■ Directions ■
Drop every picture and give the entries back exactly.

■ Study material ■
^^^^^^^^

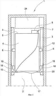Лифт 1, выполненный в соответствии с настоящим изобретением, показан на фиг.1, он содержит кабину 4 лифта, которая выполнена с возможностью перемещения ее в вертикальном направлении по направляющим рельсам 3, смонтированным внутри шахты 2 лифта. Кабина 4 лифта оборудована направляющими башмаками 6, обеспечивающими перемещение кабины 4 в строгом соответствии с направлением ее движения, задаваемым направляющими рельсами.
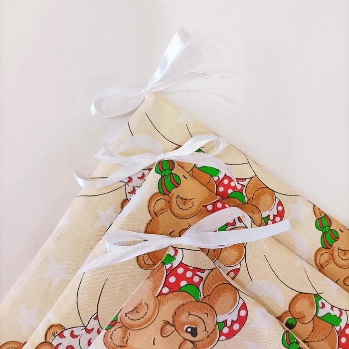 Бортик «Спящие мишки» бязь, лотекс, 4 части 40×60 см  (2 шт), 40×120 см  (2 шт), цвет бежевый
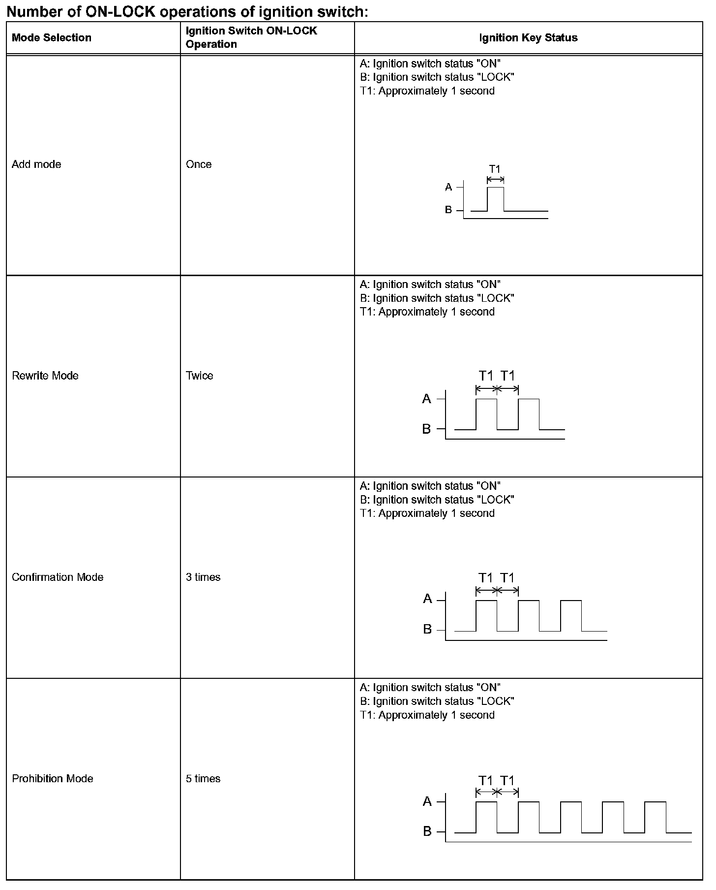 h. Turn the ignition switch from LOCK to ON and back to LOCK at approximately 1 second intervals according to the number of times shown in the table.
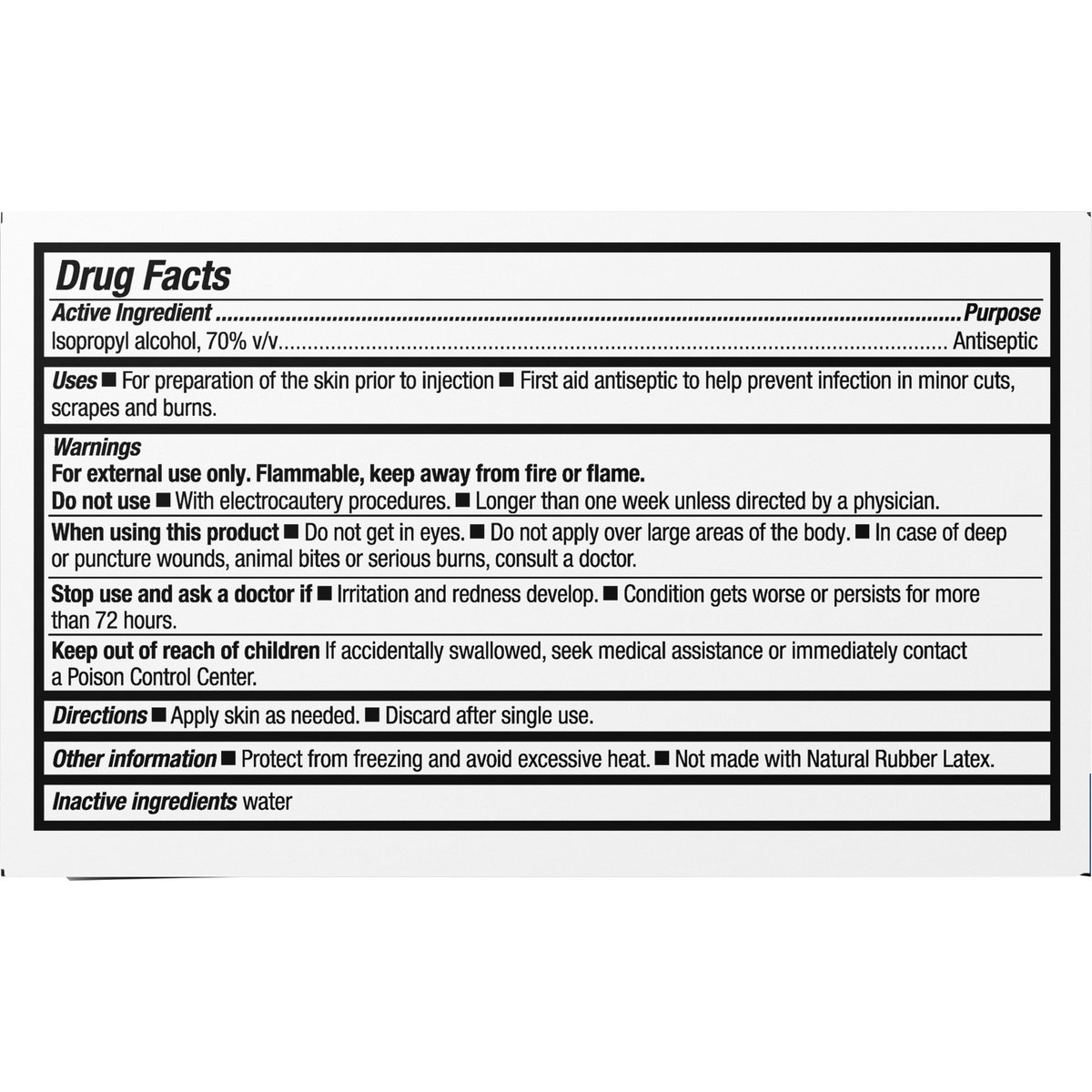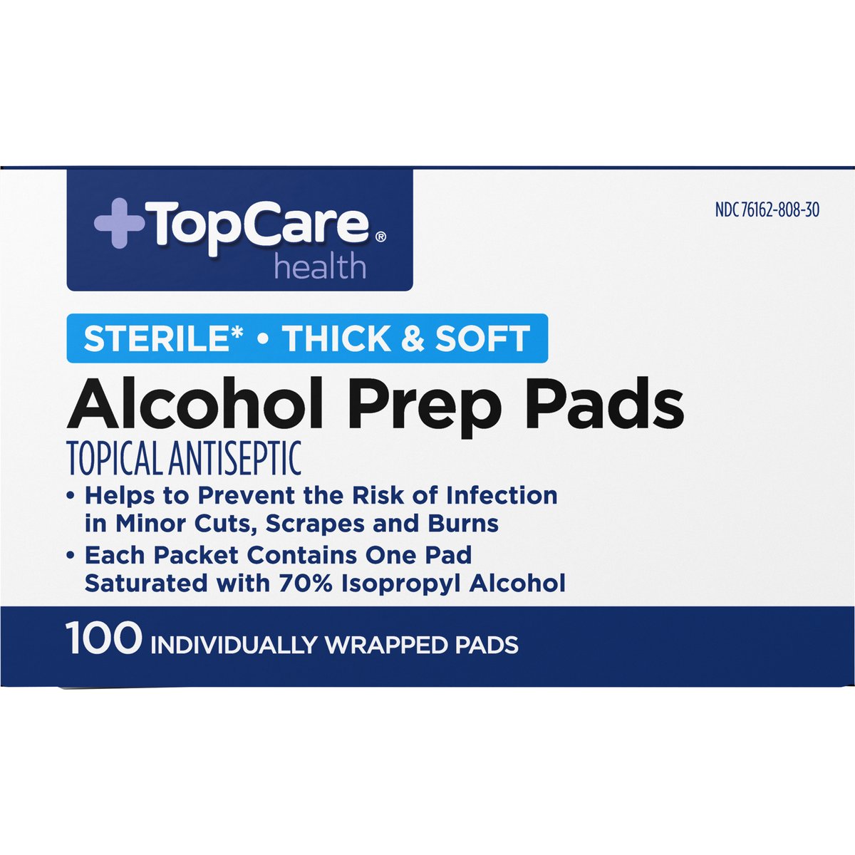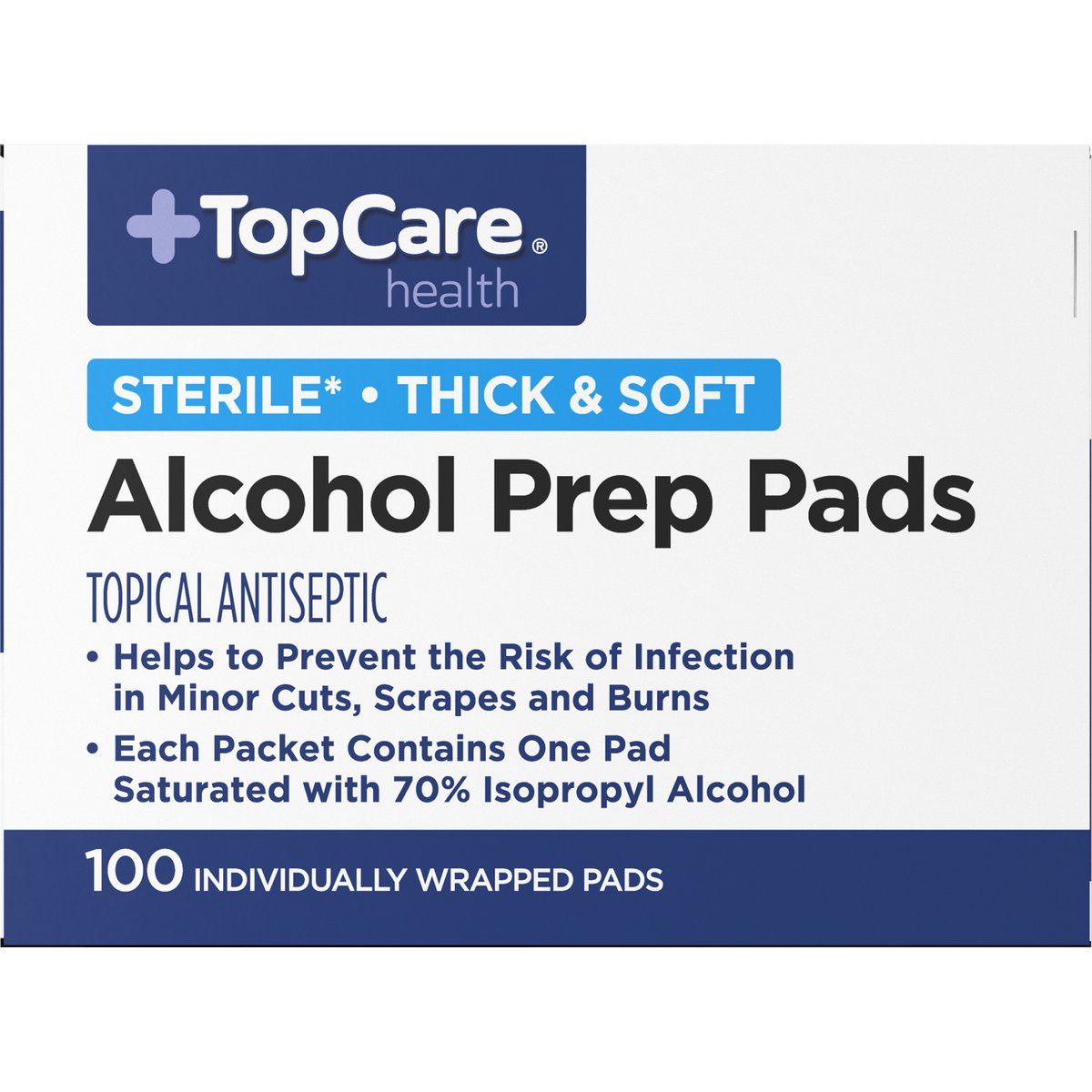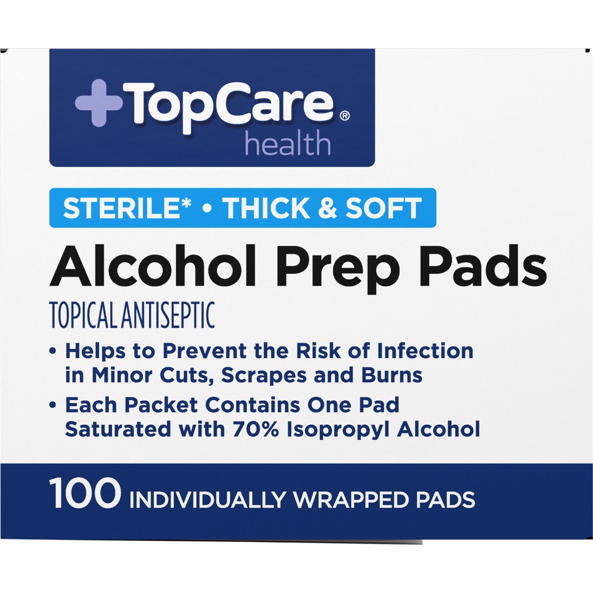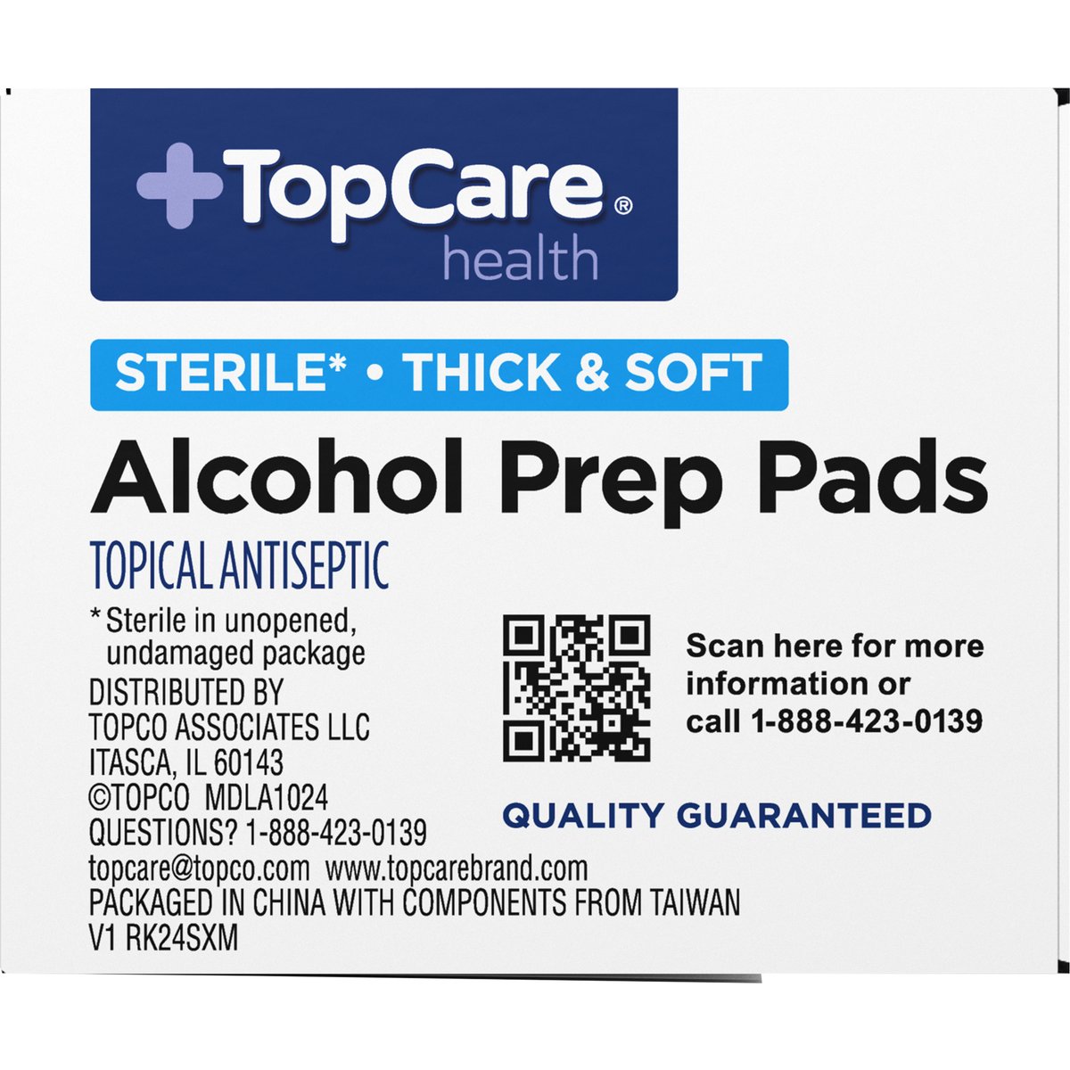 Other Information: Protect from freezing and avoid excessive heat. Not made with natural rubber latex. Topical antiseptic. Sterile*. Helps to prevent the risk of infection in minor cuts, scrapes and burns. Each packet contains one pad saturated with 70% isopropyl alcohol. * Sterile in unopened, undamaged package. Quality guaranteed. www.topcarebrand.com. Scan for more information or call 1-888-423-0139. Questions? 1-888-423-0139. topcare@topco.com. www.topcarebrand.com. Packaged in China with components from Taiwan.
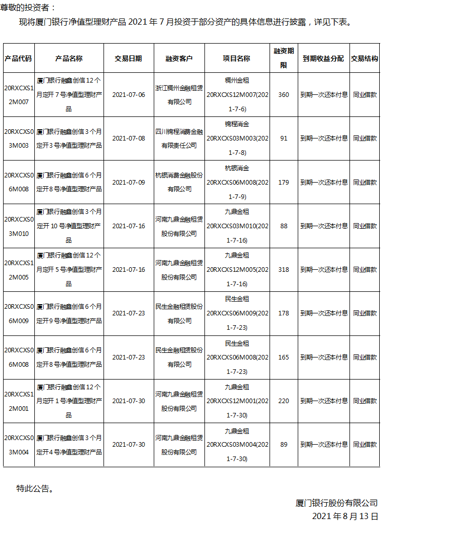 關(guān)于廈門(mén)銀行凈值型理財(cái)產(chǎn)品2021年7月投資部分資產(chǎn)的公告
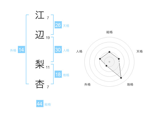 江辺 梨杏さんの総格は44画の2点!
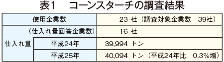 調査対象企業の平成25年の仕入れ量の合計は、コーンスターチ、タピオカでん粉、小麦でん粉は前年を上回り、化工でん粉は前年を下回った。仕入れ価格はいずれも年間を通しておおむね安定していた。また、使用しているでん粉の種類を切り替えることは、ほとんどの企業で行われておらず、その最大の理由は、それぞれの製品特性に合うでん粉を選択し、製造しているからであった。

^^^^^^^^

■ Final answer ■
Лифт 1, выполненный в соответствии с настоящим изобретением, показан на фиг.1, он содержит кабину 4 лифта, которая выполнена с возможностью перемещения ее в вертикальном направлении по направляющим рельсам 3, смонтированным внутри шахты 2 лифта. Кабина 4 лифта оборудована направляющими башмаками 6, обеспечивающими перемещение кабины 4 в строгом соответствии с направлением ее движения, задаваемым направляющими рельсами.
 Бортик «Спящие мишки» бязь, лотекс, 4 части 40×60 см  (2 шт), 40×120 см  (2 шт), цвет бежевый
 h. Turn the ignition switch from LOCK to ON and back to LOCK at approximately 1 second intervals according to the number of times shown in the table.
 Other Information: Protect from freezing and avoid excessive heat. Not made with natural rubber latex. Topical antiseptic. Sterile*. Helps to prevent the risk of infection in minor cuts, scrapes and burns. Each packet contains one pad saturated with 70% isopropyl alcohol. * Sterile in unopened, undamaged package. Quality guaranteed. www.topcarebrand.com. Scan for more information or call 1-888-423-0139. Questions? 1-888-423-0139. topcare@topco.com. www.topcarebrand.com. Packaged in China with components from Taiwan.
 關(guān)于廈門(mén)銀行凈值型理財(cái)產(chǎn)品2021年7月投資部分資產(chǎn)的公告
 江辺 梨杏さんの総格は44画の2点!
 調査対象企業の平成25年の仕入れ量の合計は、コーンスターチ、タピオカでん粉、小麦でん粉は前年を上回り、化工でん粉は前年を下回った。仕入れ価格はいずれも年間を通しておおむね安定していた。また、使用しているでん粉の種類を切り替えることは、ほとんどの企業で行われておらず、その最大の理由は、それぞれの製品特性に合うでん粉を選択し、製造しているからであった。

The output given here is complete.